ABOUT THIS EXERCISE → What are the lines, copied exactly, from the one containing "A conduta adotada" through the final line of the material? Leave the pictures out.

---- GIVEN INFORMATION

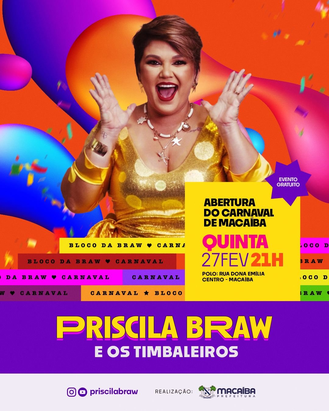 A cantora Priscila Braw e a banda Timbaleiros são as responsáveis pela abertura do Carnaval de Macaíba nesta quinta-feira, trazendo uma energia contagiante para dar início à folia! Com muita animação e a irreverência do axé, Priscila Braw vai incendiar o público com sua voz marcante, enquanto os Timbaleiros vão garantir que ninguém fique parado com seu som envolvente. Prepare-se para uma noite inesquecível, cheia de ritmo, alegria e muita diversão! O Carnaval de Macaíba já começa com o pé direito, e você não pode ficar de fora dessa festa incrível!
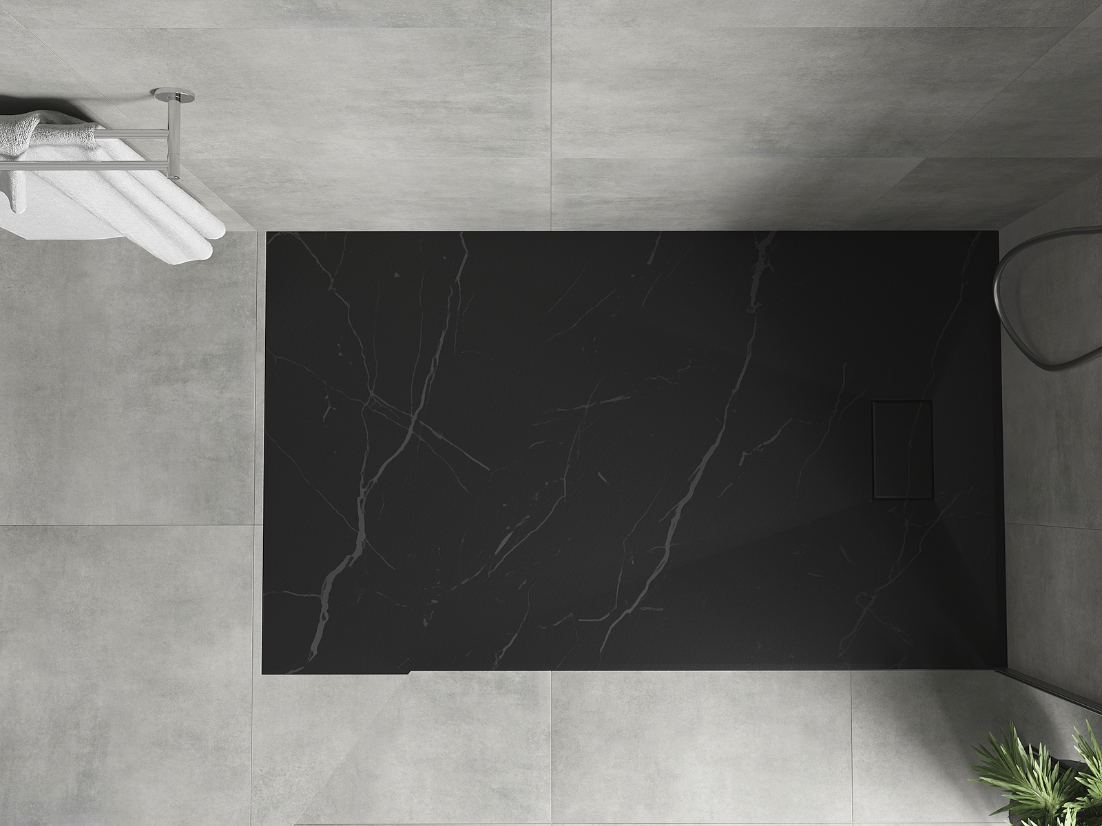 Mexen Hugo obdélníkový sprchový kout SMC 140 x 80 cm, černý kámen je výjimečný produkt, který kombinuje moderní design s funkčností. Jeho ultraplochá konstrukce umožňuje montáž jak ve podlaze, tak na podlaze, což ho činí nesmírně všestranným. Vyroben z odolného SMC plastu, sprchový kout zajišťuje maximální stabilitu a odolnost vůči nárazům. Přirozená struktura kamene a unikátní vzor dodávají eleganci každé koupelně. Možnost přizpůsobení a snadné čištění činí Mexen Hugo ideální volbou pro náročné uživatele. Součástí je sifon čistitelný shora a krytka v barvě černého kamene, průměr odpadu činí 90 mm.
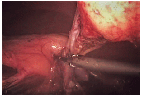 A conduta adotada foi o destelhamento do cisto por laparoscopia guiada através de video (Figuras 6 e 7). O local dessa massa tumoral, o hilo hepático, é uma região delicada, principalmente pela passagem da artéria hepática e da veia porta. A cirurgia foi concluída sem anormalidades e a paciente teve alta no segundo dia de pós-operatório.
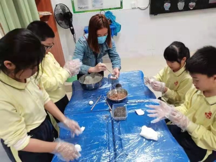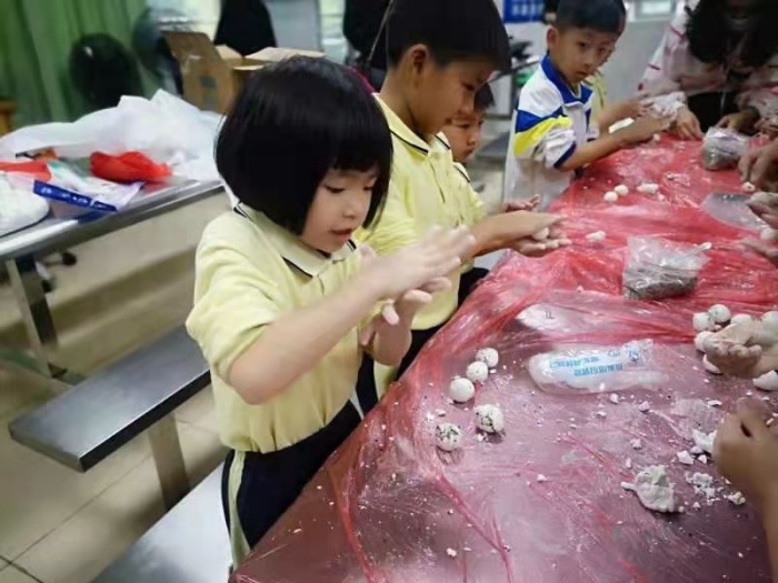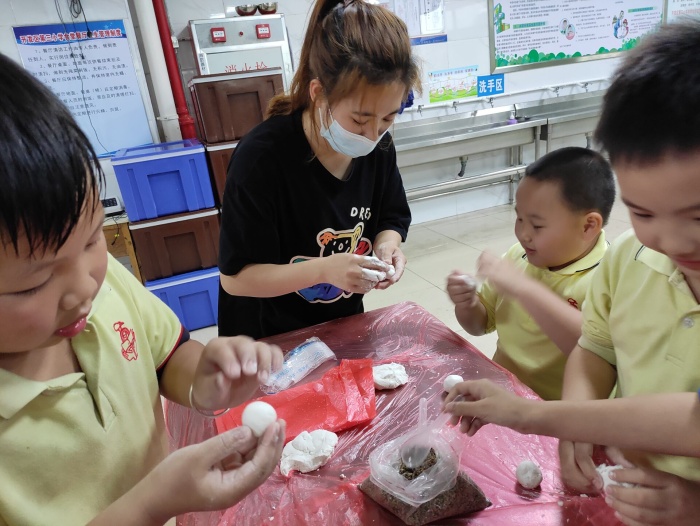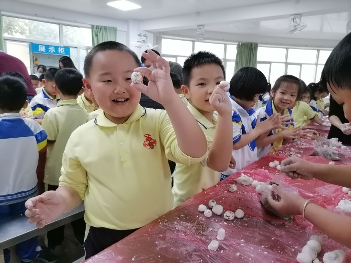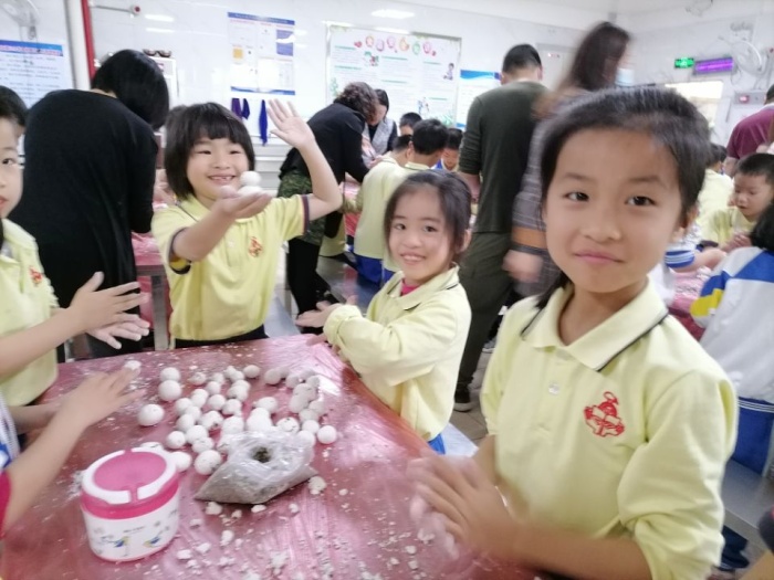 首先,孩子們洗干凈雙手,挽起衣袖,有模有樣的學(xué)著爸爸媽媽的樣子包起湯圓:先拿和好的糯米粉團(tuán)揪一小團(tuán),糯米面,讓孩子們擠壓成圓片形狀,再挑一團(tuán)餡放在糯米片上,最后用雙手轉(zhuǎn)邊收口做成一個(gè)小圓球??粗粋€(gè)個(gè)圓溜溜的湯圓真可愛(ài)!緊接著,煮湯圓時(shí),先燒開(kāi)水,把湯圓慢慢放入鍋內(nèi),輕輕的攪開(kāi),湯圓浮出水面代表已經(jīng)煮熟。活動(dòng)最后,家長(zhǎng)伴著《賣湯圓》的優(yōu)美旋律和孩子們一起品嘗著自己的勞動(dòng)成果,每個(gè)人的臉上都洋溢著過(guò)節(jié)的喜慶。
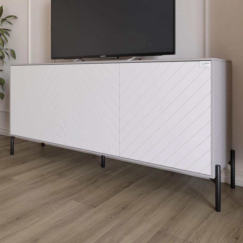 Тумба під телевізор із чорними металевими ніжками LION Амарант 168x40x76,5 см Кашемір/Білий (LION-04

--------

SOLUTION FOR THIS PROBLEM →
 A conduta adotada foi o destelhamento do cisto por laparoscopia guiada através de video (Figuras 6 e 7). O local dessa massa tumoral, o hilo hepático, é uma região delicada, principalmente pela passagem da artéria hepática e da veia porta. A cirurgia foi concluída sem anormalidades e a paciente teve alta no segundo dia de pós-operatório.
 首先,孩子們洗干凈雙手,挽起衣袖,有模有樣的學(xué)著爸爸媽媽的樣子包起湯圓:先拿和好的糯米粉團(tuán)揪一小團(tuán),糯米面,讓孩子們擠壓成圓片形狀,再挑一團(tuán)餡放在糯米片上,最后用雙手轉(zhuǎn)邊收口做成一個(gè)小圓球??粗粋€(gè)個(gè)圓溜溜的湯圓真可愛(ài)!緊接著,煮湯圓時(shí),先燒開(kāi)水,把湯圓慢慢放入鍋內(nèi),輕輕的攪開(kāi),湯圓浮出水面代表已經(jīng)煮熟。活動(dòng)最后,家長(zhǎng)伴著《賣湯圓》的優(yōu)美旋律和孩子們一起品嘗著自己的勞動(dòng)成果,每個(gè)人的臉上都洋溢著過(guò)節(jié)的喜慶。
 Тумба під телевізор із чорними металевими ніжками LION Амарант 168x40x76,5 см Кашемір/Білий (LION-04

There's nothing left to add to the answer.